NYT Podcast Paints False Picture of Carried Interest and Private Equity Industry
A recent episode of the New York Times’ podcast “The Daily” mischaracterized the history of the tax treatment of carried interest – which has always appropriately been treated as a capital gain since the inception of the tax code more than 100 years ago. It also presented a false and outdated picture of the private equity industry’s significant contribution to economic growth and job creation.
Carried Interest is Appropriately Treated as a Capital Gain, Encouraging Long-term Investment
- Guest: [The Private Equity Industry] effectively have managed to say that the profits that they get should be taxed at this lower rate at the capital gains rate that has typically been reserved for people who are investing their own money, not their labor. And the private equity firms are saying, look, this money is at risk. It is just like an investment. And so it should be considered an investment. And therefore, we should collect this lower rate . . .
- Host: So this is just not at all how this was supposed to work.
- Guest: Right, and the government, for years and years and years, has let them do this . . . Nobody knew it. Nobody understood what was really happening
The podcast inaccurately claimed that private equity has benefitted from the so-called “carried interest loophole.” However, profit sharing/carried interest has been around for hundreds of years to provide service partners an incentive for the sweat equity they put into growing a business.
What is carried interest? – When a portfolio company succeeds and is sold by a private equity fund, typically four to seven years later, the investors all split the net profit from that investment. The limited partner investors, typically pension funds or university endowments, receive their money back plus a guaranteed rate of return. The remaining profits are then split 80-20, with limited partner investors receiving 80 percent and the private equity general partners receiving 20 percent. That 20 percent is what’s known as carried interest.
Carried interest is rightfully taxed as a capital gain – Just like other investments, carried interest is taxed as a capital gain and has been for more than 100 years. By treating carried interest as a capital gain, the U.S. Tax Code is providing a crucial incentive for private equity and other investors to take risks, make productive long-term investments in businesses, and contribute operational expertise to entrepreneurs. Additionally, Congress made recent changes to carried interest in the 2017 Tax Cuts and Jobs Act requiring investors to invest in capital assets for more than three years before receiving long-term capital gains.
Other sectors employ the carried interest model – Real estate partnerships, venture capital, hedge funds, and emerging diverse fund managers all employ the carried interest model. Listen to Shila Nieves Burney, a general partner at Atlanta-based Zane Venture Fund and Zane Access which invests in diverse entrepreneurs and businesses, “I’m not a billionaire on Wall Street. I don’t come from a wealthy background. This is my sweat equity that I’ve put in.”
Raising taxes on carried interest hurts businesses and retirees – Further raising taxes on these productive private equity investments is bad policy. A recent study from Professor Charles Swenson of the University of Southern California Marshall School of Business found that a proposed 98 percent tax increase on carried interest capital gains would result in millions of lost jobs, billions in lost tax revenue, and would limit returns for U.S. public pension funds.

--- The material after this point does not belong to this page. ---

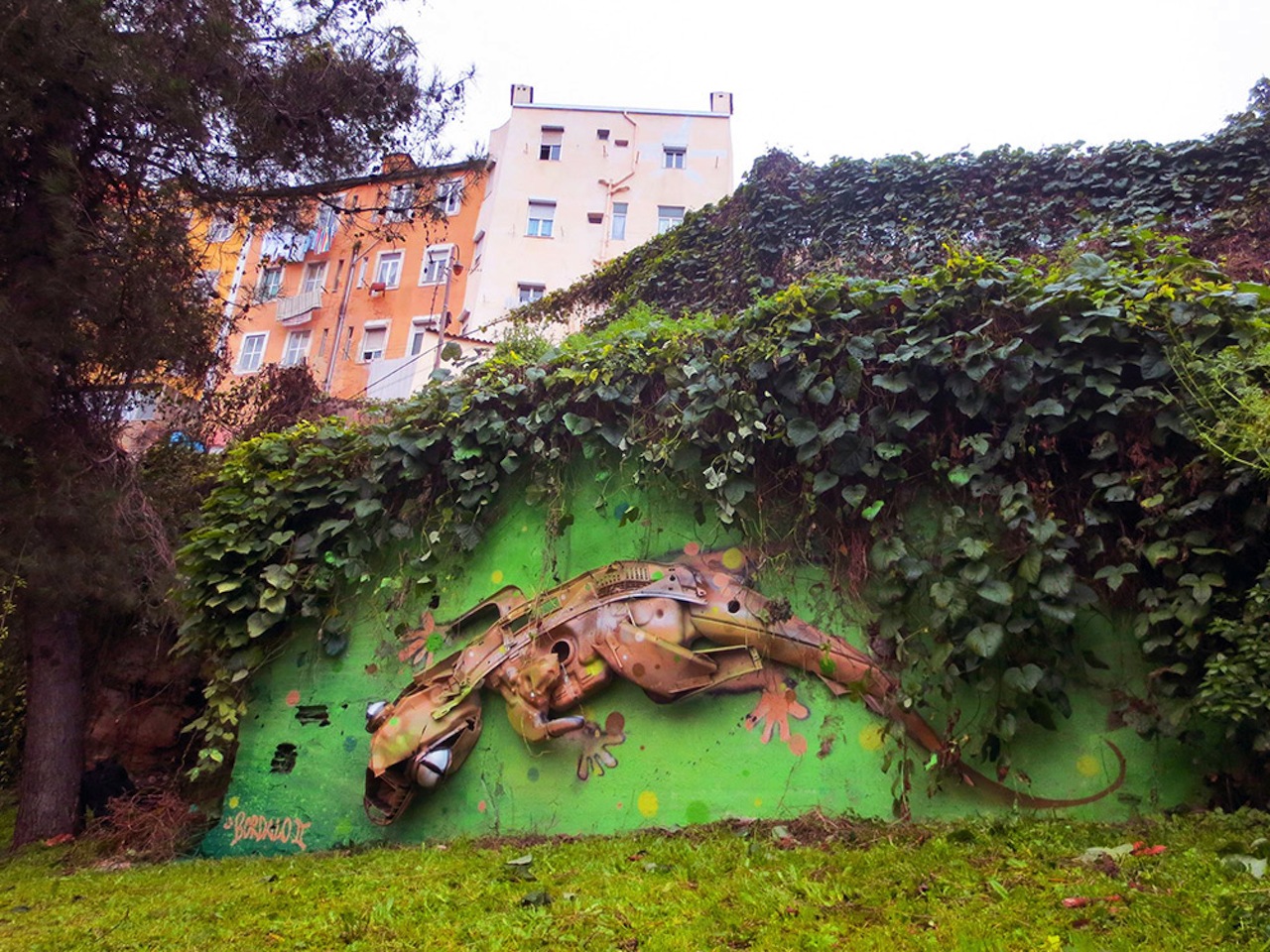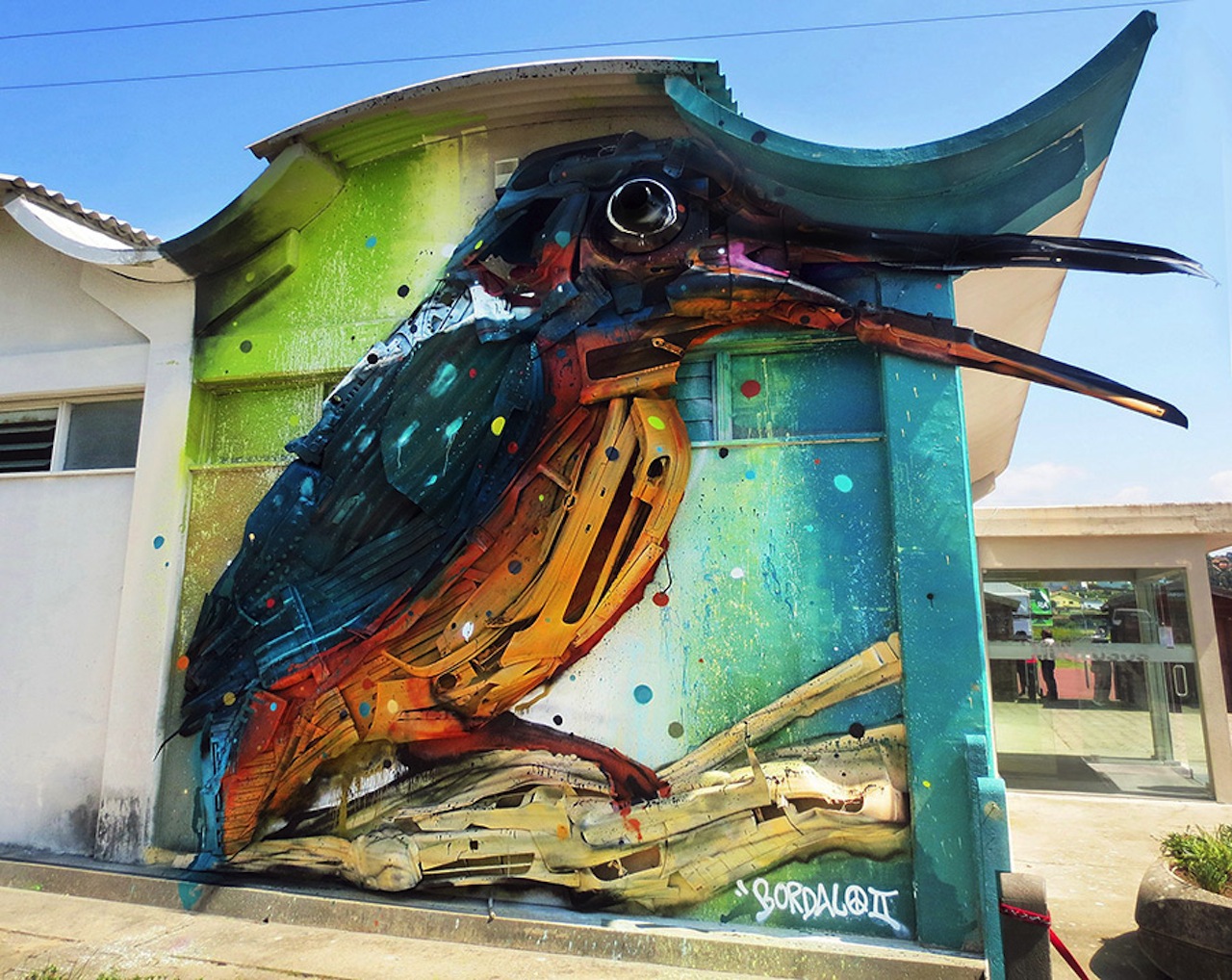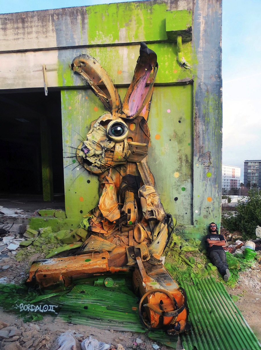 Portekizli sanatçı Artur Bordalo, hırdavat ve çöplerden yaptığı sanat çalışmasıyla dikkatleri topluyor. Sokaktaki çöp ve hurdaya çıkacak şeyleri bir araya getirerek büyük hayvan figürleri oluşturan Bordalo, bir yandan da önemli mesajlar vermeye çalışıyor.

Private Equity Supports Nearly 12 Million Jobs and More Secure Retirements for More than 30 Million US Pensioners
- Guest: “Well, typically, a private equity firm is trying to buy a company, oftentimes, that’s distressed with debt. They hope to fix it up, in some cases, slash costs, which, oftentimes, means eliminating labor, firing people, and then turning around and trying to sell it at a higher price.”
The podcast painted a misleading and caricatured view of the private equity industry that simply is not true. Private equity investment plays a key role in supporting fast-growing, innovative companies and small businesses creating millions of jobs. Here are the facts.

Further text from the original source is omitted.